_Exercise objective_: Please print nothing but the lines from the one containing "ডিপুটি শাহ মোহাম্মদ" to the final line below, exactly, and no pictures.

_Collected data_:
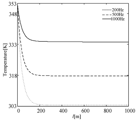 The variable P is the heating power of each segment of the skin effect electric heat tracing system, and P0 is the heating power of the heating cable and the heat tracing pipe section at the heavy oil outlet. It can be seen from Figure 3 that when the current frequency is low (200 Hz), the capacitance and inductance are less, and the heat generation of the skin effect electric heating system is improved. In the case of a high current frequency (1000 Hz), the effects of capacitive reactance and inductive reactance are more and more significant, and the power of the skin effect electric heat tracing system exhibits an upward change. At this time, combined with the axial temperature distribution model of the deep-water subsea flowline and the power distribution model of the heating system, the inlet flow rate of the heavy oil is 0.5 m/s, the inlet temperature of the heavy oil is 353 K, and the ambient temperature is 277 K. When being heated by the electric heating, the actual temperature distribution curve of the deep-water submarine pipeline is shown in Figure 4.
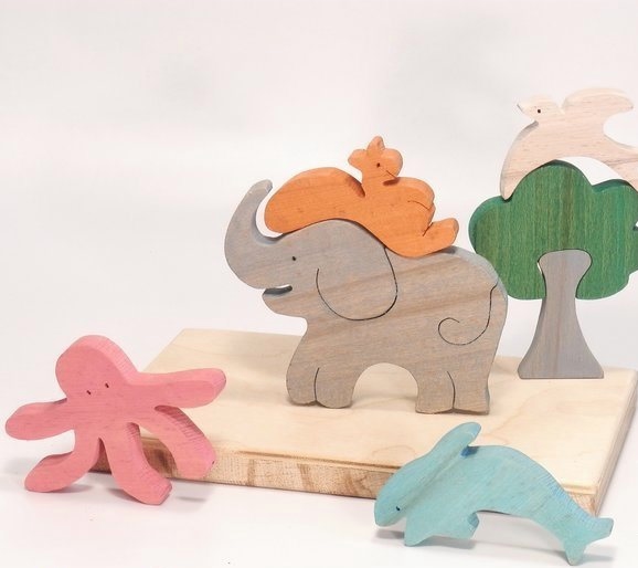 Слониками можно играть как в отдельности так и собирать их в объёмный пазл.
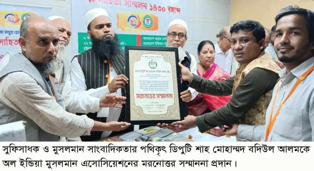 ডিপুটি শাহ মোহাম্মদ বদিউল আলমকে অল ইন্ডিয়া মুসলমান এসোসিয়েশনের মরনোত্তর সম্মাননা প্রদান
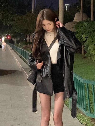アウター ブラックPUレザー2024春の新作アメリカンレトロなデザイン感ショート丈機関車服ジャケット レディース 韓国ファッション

_Exercise response_:
 ডিপুটি শাহ মোহাম্মদ বদিউল আলমকে অল ইন্ডিয়া মুসলমান এসোসিয়েশনের মরনোত্তর সম্মাননা প্রদান
アウター ブラックPUレザー2024春の新作アメリカンレトロなデザイン感ショート丈機関車服ジャケット レディース 韓国ファッション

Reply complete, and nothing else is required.